Bug #5081 UCS2 fields are filled with '0x2020' after extending field length
Submitted: 18 Aug 2004 4:13 Modified: 19 Aug 2004 13:13
Reporter: Shuichi Tamagawa Email Updates:
Status: Closed Impact on me:
None 
Category:MySQL Server Severity:S2 (Serious)
Version:4.1.3-beta OS:Windows (WinXP Pro / SuSE Linux 9.0)
Assigned to: Alexander Barkov CPU Architecture:Any

[18 Aug 2004 4:13] Shuichi Tamagawa
Description:
If the character set of the field is UCS2 and the field length is extend by 'ALTER TABLE' statement, the extended part are filled with '0x2020'.

How to repeat:
mysql> show variables like 'char%';
+--------------------------+----------------------------------------------+
| Variable_name            | Value                                        |
+--------------------------+----------------------------------------------+
| character_set_client     | ujis                                         |
| character_set_connection | ujis                                         |
| character_set_database   | ucs2                                         |
| character_set_results    | ujis                                         |
| character_set_server     | ucs2                                         |
| character_set_system     | utf8                                         |
| character_sets_dir       | /usr/local/mysql/41030/share/mysql/charsets/ |
+--------------------------+----------------------------------------------+
7 rows in set (0.01 sec)

mysql> create table t1(a char(1)) default charset = ucs2;
Query OK, 0 rows affected (0.14 sec)

mysql> insert into t1 values ('a'),('b'),('c');
Query OK, 3 rows affected (0.01 sec)
Records: 3  Duplicates: 0  Warnings: 0
mysql> select * from t1;
+------+
| a    |
+------+
| a    |
| b    |
| c    |
+------+
3 rows in set (0.00 sec)

mysql> alter table t1 modify a char(5);
Query OK, 3 rows affected (0.48 sec)
Records: 3  Duplicates: 0  Warnings: 0

mysql> select a, hex(a) from t1;
+-----------+----------------------+
| a         | hex(a)               |
+-----------+----------------------+
| a†††† | 00612020202020202020 |
| b†††† | 00622020202020202020 |
| c†††† | 00632020202020202020 |
+-----------+----------------------+
3 rows in set (0.05 sec)

Suggested fix:
Leave the extended part blank.
[18 Aug 2004 21:10] MySQL Verification Team
This is expected behaviour.

0x20202020 blanks. 

Take a look at Field_string::store()
[18 Aug 2004 22:27] Shuichi Tamagawa
Example: character set = ucs2

Attachment: ucs2.JPG (image/pjpeg, text), 59.12 KiB.

[18 Aug 2004 22:27] Shuichi Tamagawa
Example: character set = utf8

Attachment: utf8.JPG (image/pjpeg, text), 52.54 KiB.

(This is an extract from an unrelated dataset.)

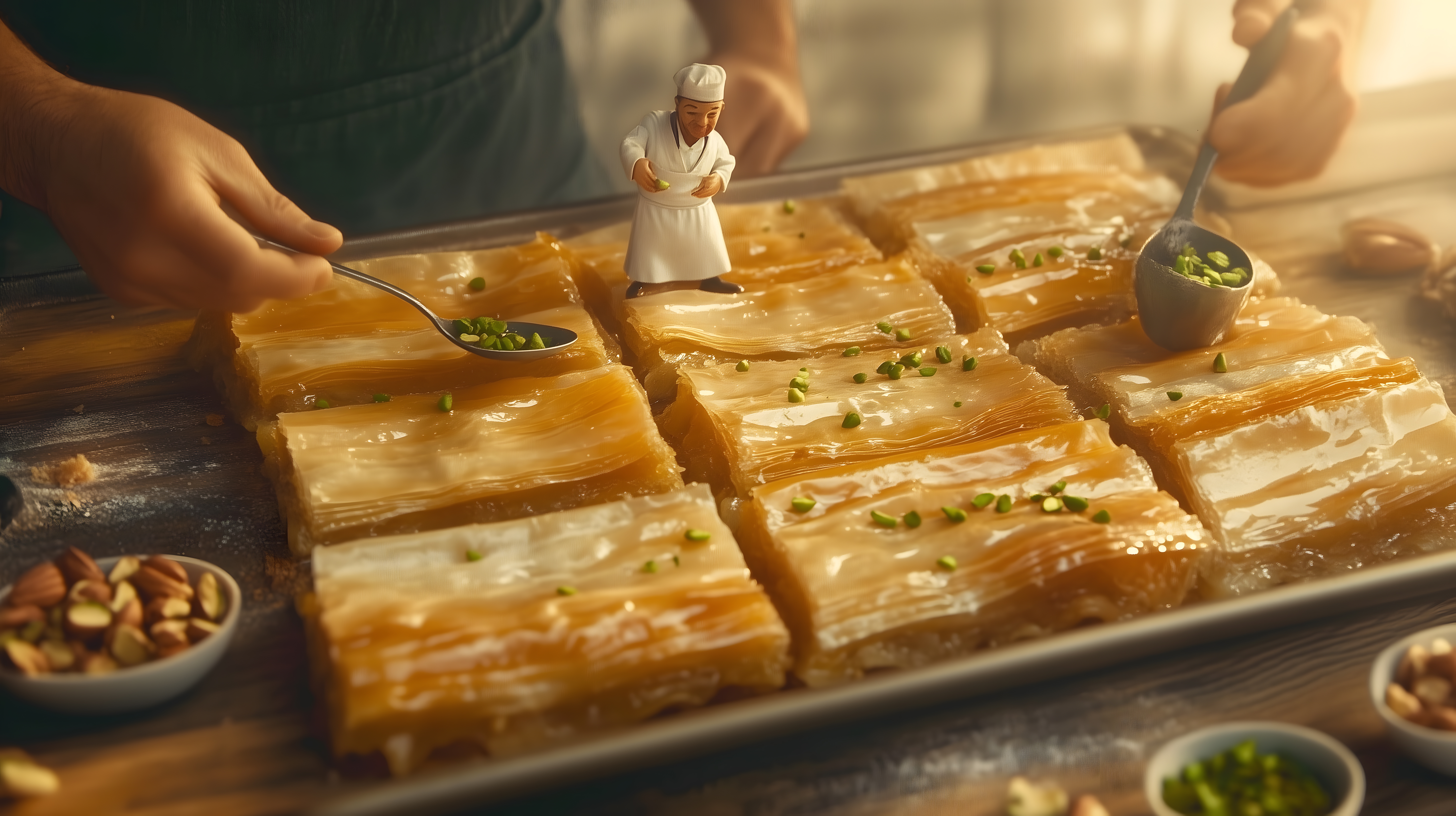 Das Foto zeigt eine Nahaufnahme von frisch gebackenem Baklava, einer traditionellen orientalischen Süßspeise aus Blätterteig, Nüssen und Honig. Die goldbraun gebackenen Stücke sind auf einem hölzernen Hintergrund angeordnet, der eine rustikale Textur aufweist. Einige der Stücke sind mit grünen Pistazienkernen garniert, was einen schönen Farbkontrast erzeugt. Die Ausleuchtung lässt das Baklava in einem warmen, natürlichen Licht erscheinen. Dieses hochwertige Stockfoto eignet sich hervorragend für die Verwendung in Blogs, Kochzeitschriften, Social-Media-Posts oder Werbematerialien rund um das Thema Backen, Desserts oder orientalische Küche. Das Foto ist in hoher Auflösung und unter einer kostenlosen Creative-Commons-Lizenz verfügbar.

[18 Aug 2004 22:27] Shuichi Tamagawa
Example: character set = latin1

Attachment: latin1.JPG (image/pjpeg, text), 56.12 KiB.

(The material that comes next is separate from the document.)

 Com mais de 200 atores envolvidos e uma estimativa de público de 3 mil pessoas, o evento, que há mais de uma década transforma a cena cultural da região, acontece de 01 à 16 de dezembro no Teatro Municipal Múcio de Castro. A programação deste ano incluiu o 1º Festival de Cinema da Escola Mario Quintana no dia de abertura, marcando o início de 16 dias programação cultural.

[18 Aug 2004 22:40] Shuichi Tamagawa
Please take a look at the attached files(ucs2.jpg). You can see that 0x2020 is not blank. There should be no filler like tha case of other character set(utf8.jpg, latin1.jpg).
[18 Aug 2004 23:51] Sergei Golubchik
I still think that the filler should be a space as in any other charset - that is 0x0020 in UCS2 :)

0x2020 is "Dagger" character
[18 Aug 2004 23:52] Sergei Golubchik
oops, I was replying to the Sinisa.
Shuichi, you're right, of course
[19 Aug 2004 13:13] Alexander Barkov
Thank you for your bug report. This issue has been committed to our
source repository of that product and will be incorporated into the
next release.

If necessary, you can access the source repository and build the latest
available version, including the bugfix, yourself. More information 
about accessing the source trees is available at
    http://www.mysql.com/doc/en/Installing_source_tree.html